JT: Je ne sais pas vraiment quand. Je suppose qu’à long terme, je retournerai en Suisse.
swissinfo.ch: A quoi ressemblaient les premiers mois au Japon?
JT: Tout était nouveau, passionnant et aventureux. Il y avait quelque chose à découvrir tous les jours. Le Japon, en fait Tokyo, est un monde complètement différent. Nous ne pouvons pas l’imaginer en Suisse! J’ai profité au maximum et je suis tombée amoureuse de ce pays dès la première minute.
swissinfo.ch: Que faites-vous exactement et comment tout cela s’est-il produit?
JT: Je travaille au département commercial de Nespresso depuis août 2016. Avant cela, j’ai travaillé pendant trois ans pour le Swiss Internship Hub à l’ambassade de Suisse. Et ce pour aider les petites et moyennes entreprises suisses à entrer dans le marché japonais. Ce travail était très intéressant. J’ai beaucoup appris sur l’environnement économique des petites et moyennes entreprises en Suisse ainsi que sur la vie professionnelle japonaise. Après près de quatre ans, je voulais voir un autre aspect de la vie professionnelle japonaise. J’ai donc décidé de changer pour le secteur privé en rejoignant Nespresso Japon.
swissinfo.ch: Comment fonctionne le monde du travail au Japon par rapport à la Suisse?
JT: Je pense qu’il est assez réglementé, bureaucratique et inflexible, et pour toutes ces raisons, il est également assez inefficace. En avril dernier, Nestlé / Nespresso a introduit des horaires de travail flexibles qui nous permettent de déterminer où et quand nous voulons travailler. C’est très inhabituel au Japon. Cette formule est très utile pour les femmes avec enfants car elles peuvent travailler à domicile. Le quota de femmes est relativement élevé chez Nespresso.
swissinfo.ch: À quoi ressemble le paysage politique au Japon? Êtes-vous intéressé par la politique japonaise?
JT: La politique du Premier ministre Shinzō Abe a rendu le pays plus conservateur et patriotique.
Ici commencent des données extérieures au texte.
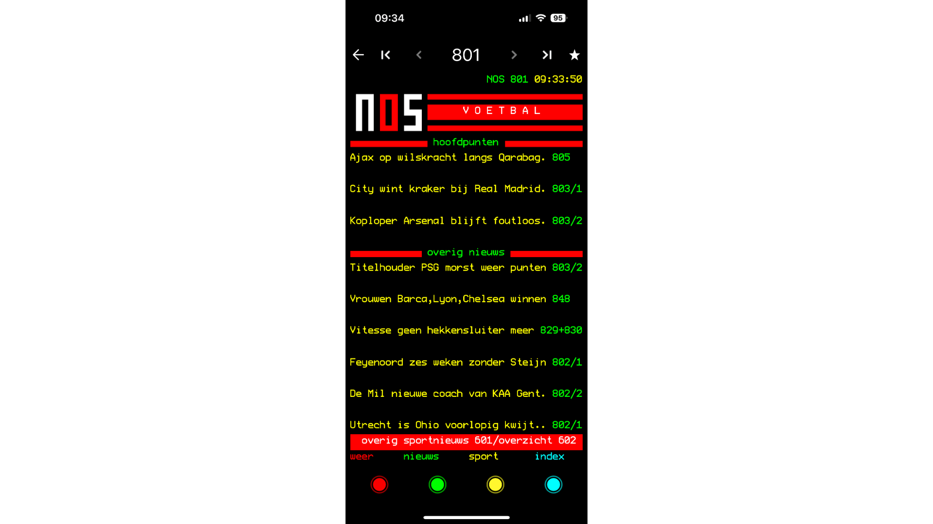 NOS Teletekst op televisies bestaat inmiddels ruim 45 jaar. Volgens de omroep had de dienst in 2024 bijna zevenhonderdduizend dagelijkse gebruikers. Zijn pagina’s als 601 (sportnieuws), 801 (voetbalnieuws) en 818 (uitslagen Eredivisie) voor jou gesneden koek, dan is de mobiele versie iets voor jou. Veel mensen weten namelijk niet dat je deze overzichtelijke dienst ook als app op een smartphone of tablet kunt installeren. In de App Store op een iPhone of iPad vind je deze toepassing onder de naam NOS Teletekst, terwijl de app in de Play Store Teletekst heet.

Je connais beaucoup d’étrangers qui s’inquiètent. Je ne suis pas vraiment intéressée par la politique, mais je la suis quotidiennement.
swissinfo.ch: Que trouvez-vous de plus attrayant au Japon par rapport à la Suisse? Quelle est la plus grande différence entre les deux pays?
JT: La variété des possibilités à Tokyo. La ville a beaucoup de visages et de personnages différents. La nourriture est délicieuse et abordable. La culture des bains thermaux (onsen) et les vibrations de la grande ville.
La différence la plus importante, c’est qu’à Tokyo, il y a toujours quelque chose qui se passe et que les gens sortent beaucoup pour diner ou prendre un verre. En Suisse, ce serait tout simplement trop coûteux et il n’y a pas tellement d’offres.
swissinfo.ch: Où vivez-vous actuellement et à quoi ressemble la vie?
JT: Je vis à Hatanodai, un quartier calme près de Gotanda / Shinagawa au sud de Tokyo. J’aime ça. Il existe de nombreuses maisons avec des jardins et un excellent réseau de transports publics pour se rendre dans d’autres endroits magnifiques tels que Jiyugaoka et Futakotamagawa. Il y a aussi quelques rues commerçantes traditionnelles, telles que Togoshi Ginza. De Hatanodai, il ne faut que 15 minutes pour me rendre au bureau, ce qui est génial.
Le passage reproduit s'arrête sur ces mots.